Rostrevor is a village and townland in County Down, Northern Ireland. It lies at the foot of Slieve Martin on the coast of Carlingford Lough, near Warrenpoint. The Kilbroney River flows through the village and Rostrevor Forest is nearby. 7.5 mi south-east of Newry, the village is within the Newry, Mourne and Down local government district.

Rostrevor had a population of 2,800 in the 2011 census.

==Name==
The first part of the name "Rostrevor" comes from the Irish word ros, meaning a wood or wooded headland. The second part of the name comes from Sir Edward Trevor from Denbighshire in Wales, who settled in the area in the early 17th century and was succeeded by his son Marcus Trevor, who later became Viscount Dungannon.

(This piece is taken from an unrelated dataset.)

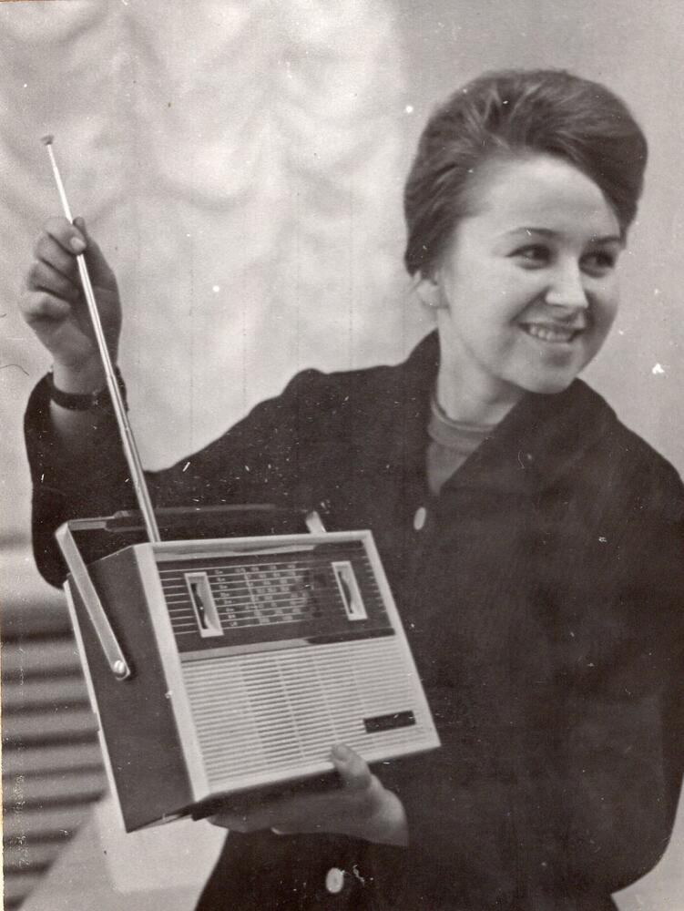 Valsts elektrotehniskās fabrikas (VEF) darbiniece Gaļina Gordejeva demonstrē tranzistoru radiouztvērēju "VEF - 10".

Walter Harris, writing in 1744, mistakenly believed that the first part of the name came from Sir Edward Trevor's wife Rose, a daughter of Henry Ussher, Archbishop of Armagh. His etymology was later repeated by some other writers. Before Sir Edward Trevor's renaming of the area it was known as Caisleán Ruaidhrí (Rory's castle), anglicised "Castle Rory" or "Castle Roe", after one of the Magennis lords of Iveagh.

Today the spelling 'Rostrevor' is used for the village, while the spelling 'Rosstrevor' is used for the townland.

==Places of interest==
The village lies adjacent to Kilbroney Park. Within the park, Cloughmore is a 50-ton granite boulder perched on the slopes of Slieve Martin, 1,000 ft above the village of Rostrevor, and known locally as 'the big stone'. It was deposited there by retreating glaciers during the Last Glacial Maximum. Local folklore states that the stone was thrown by the Irish mythological giant Finn McCool from the Cooley Mountains, on the other side of Carlingford Lough, to settle a fight with a local frost-giant named Ruiscairre, burying him underneath the boulder.

The old church, supposedly built on an original site established by St Brónach, stands in the graveyard on the Kilbroney road. It became a listed building in 1983. Within the graveyard is a large, weathered cross that is patterned on its west face and has been dated to the 9th century.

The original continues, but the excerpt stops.